== DATASET RECORDS ==
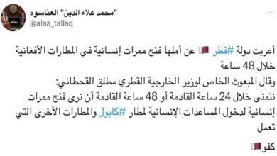 ذكر موقع الشرق أن وزير الخارجية البريطاني دومينيك راب قد أعرب عن امتنانه لدولة قطر على مساعدة بلاده في تسهيل الشؤون الدبلوماسية المتعلقة بأفغانستان من الدوحة، وأضاف في هذا الخصوص “أصدقاؤنا القطريون قاموا بعمل مدهش، سواء من خلال المساعدة في عمليات الإجلاء، أو كنقطة حوار مهمة مع اللجنة السياسية لطالبان”.…
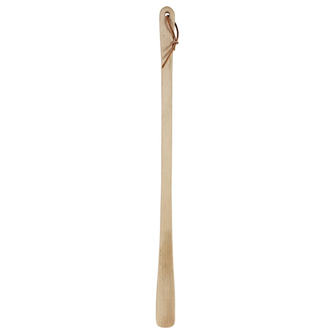 Large, classic wooden shoehorn made of FSC certified beech wood. Hole and leather band for suspension.
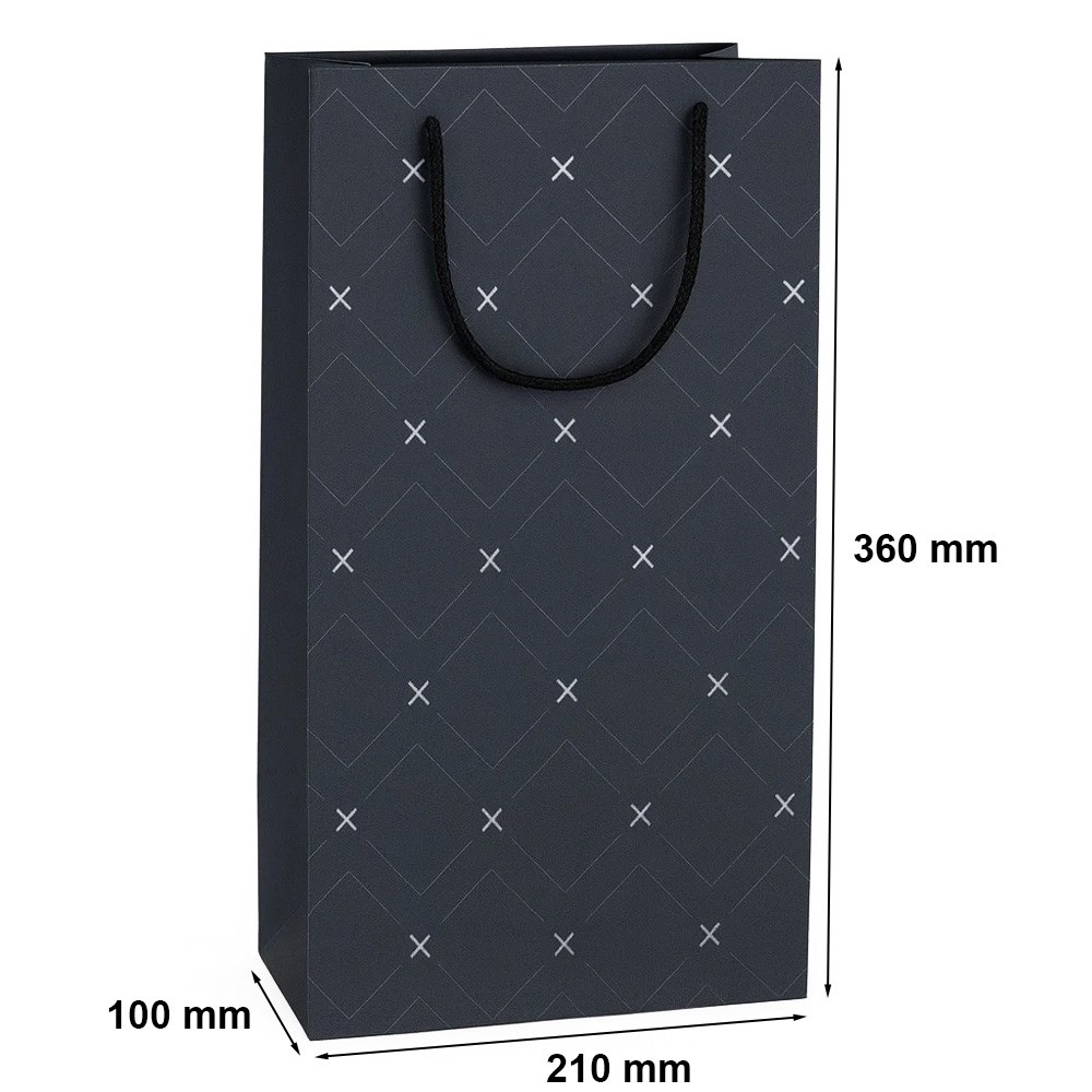 Torebka na wino 210 × 100 × 360 mm – czarna z srebrnymi elementami
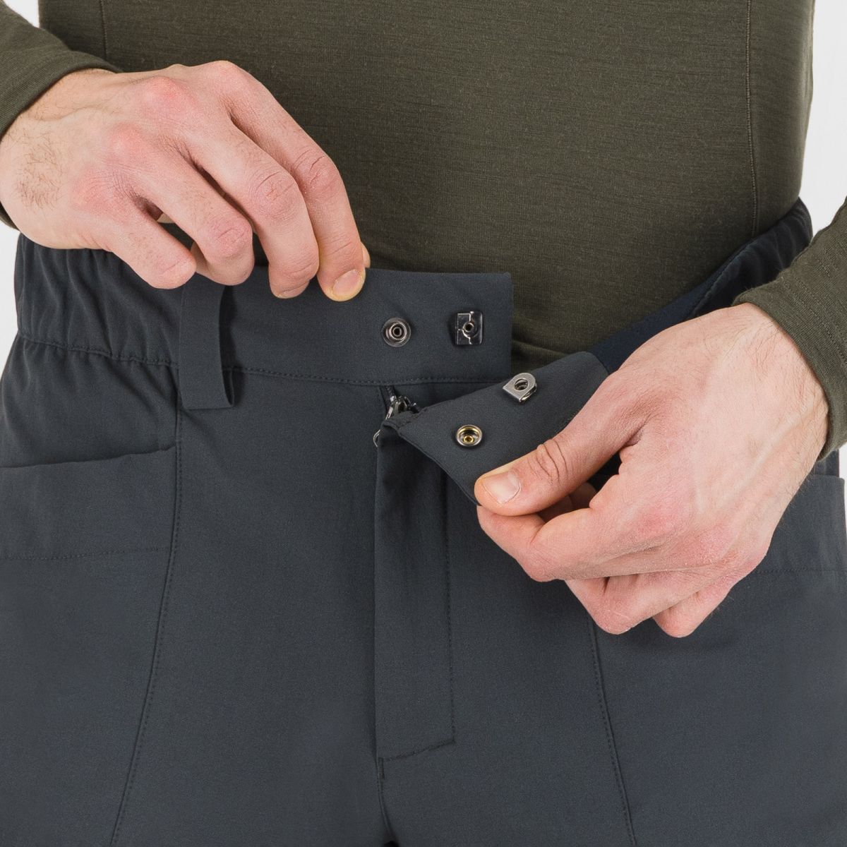 - Elastický pás je vybavený zapínaním na zips a dodatočným patentným gombíkom a háčikom pre bezpečné a pevné uzavretie
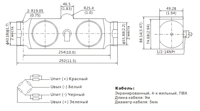 H9H — балочный двухопорный тензометрический датчик на изгиб.
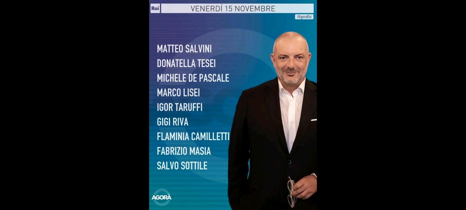 ‘Occhi puntati ancora su Elon Musk, alla luce delle sue parole contro la Magistratura italiana, e sulle reazioni del Presidente della Repubblica Mattarella e della Premier Meloni; lo stallo per le nomine dei vicecommissari in Europa che mette a rischio anche la presidenza della Von der Leyen; il “bonus di Natale” in Manovra; e un’intervista al vicepremier e ministro per le Infrastrutture Matteo Salvini; obiettivo, inoltre, sulle elezioni regionali con le interviste al candidato del centrosinistra per la presidenza dell’Emilia-Romagna, Michele De Pascale, e alla candidata del centrodestra per la presidenza dell’Umbria, Donatella Tesei; tornano, inoltre, come ogni venerdì, i sondaggi di “Agorà”‘. Questi alcuni temi di “Agorà”, che è iniziato in onda venerdì 15 novembre alle 08.00 in diretta su Rai3.
===
### TASK DIRECTIONS
Every record, from top to bottom, gets written out exactly; no picture goes into the copy.

### REPLY TO THE TASK
 ذكر موقع الشرق أن وزير الخارجية البريطاني دومينيك راب قد أعرب عن امتنانه لدولة قطر على مساعدة بلاده في تسهيل الشؤون الدبلوماسية المتعلقة بأفغانستان من الدوحة، وأضاف في هذا الخصوص “أصدقاؤنا القطريون قاموا بعمل مدهش، سواء من خلال المساعدة في عمليات الإجلاء، أو كنقطة حوار مهمة مع اللجنة السياسية لطالبان”.…
 Large, classic wooden shoehorn made of FSC certified beech wood. Hole and leather band for suspension.
 Torebka na wino 210 × 100 × 360 mm – czarna z srebrnymi elementami
 - Elastický pás je vybavený zapínaním na zips a dodatočným patentným gombíkom a háčikom pre bezpečné a pevné uzavretie
 H9H — балочный двухопорный тензометрический датчик на изгиб.
 ‘Occhi puntati ancora su Elon Musk, alla luce delle sue parole contro la Magistratura italiana, e sulle reazioni del Presidente della Repubblica Mattarella e della Premier Meloni; lo stallo per le nomine dei vicecommissari in Europa che mette a rischio anche la presidenza della Von der Leyen; il “bonus di Natale” in Manovra; e un’intervista al vicepremier e ministro per le Infrastrutture Matteo Salvini; obiettivo, inoltre, sulle elezioni regionali con le interviste al candidato del centrosinistra per la presidenza dell’Emilia-Romagna, Michele De Pascale, e alla candidata del centrodestra per la presidenza dell’Umbria, Donatella Tesei; tornano, inoltre, come ogni venerdì, i sondaggi di “Agorà”‘. Questi alcuni temi di “Agorà”, che è iniziato in onda venerdì 15 novembre alle 08.00 in diretta su Rai3.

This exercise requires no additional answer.